Still, this tension has limits. And the question we now face is whether there will be a point of no return where even business pragmatism can no longer hold the system together.
What would that look like? One sign would be a wholesale retreat of corporate players from rival markets. Not isolated exits, but sustained waves of divestment, triggered not by tariffs or regulations, but by geopolitical risk and reputational liability. When entire sectors begin to abandon operations in key economies, that’s when the glue of interdependence is truly giving way.
Another early warning: a marked reduction in expat workforces and high-level international placements. Multinationals often serve as informal bridges between cultures and systems. When executives no longer feel safe or see value in maintaining a presence abroad, the insulation against miscalculation thins.
We might also witness mass unwinding of cross-border supply chains in sectors previously thought unassailable, like pharma, aerospace, or finance. Not tweaks for resilience, but outright de-integration.
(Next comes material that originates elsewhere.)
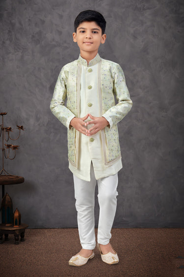 Gorgeous Cream Jacquard Function Wear Readymade Indo Western For Boys

And then there’s the media. Would it report on this unravelling clearly? Unlikely. Most major media outlets are either owned or heavily influenced by conglomerates with deep commercial interests in preserving the appearance of stability. Would CNN run a segment titled “Wall Street Quietly Pulling Out of China” if its parent company depends on Chinese market access? Would the BBC call out UK industrial decoupling if its international partners include state-linked platforms? We already saw during COVID how supply chain failures were framed as temporary glitches, not systemic vulnerabilities. If this fragmentation deepens, expect it to be reported as a reshuffling, until it can no longer be hidden.
The evidence is already mounting. Apple is shifting supply out of China. Samsung is consolidating operations closer to home. US investment in Chinese manufacturing has cratered. Meanwhile, China’s own tech giants are retreating from Western capital markets, delisting and repatriating.
None of this means war is inevitable. But it does mean that the old belief, that capitalism makes the world safe, is dying. And what comes next is unlikely to be guided by spreadsheets. It will be driven by threat perceptions, resource control, and cold strategic calculus.
Globalisation wasn’t peace. It was a ceasefire built on mutual profit margins. And that ceasefire is ending.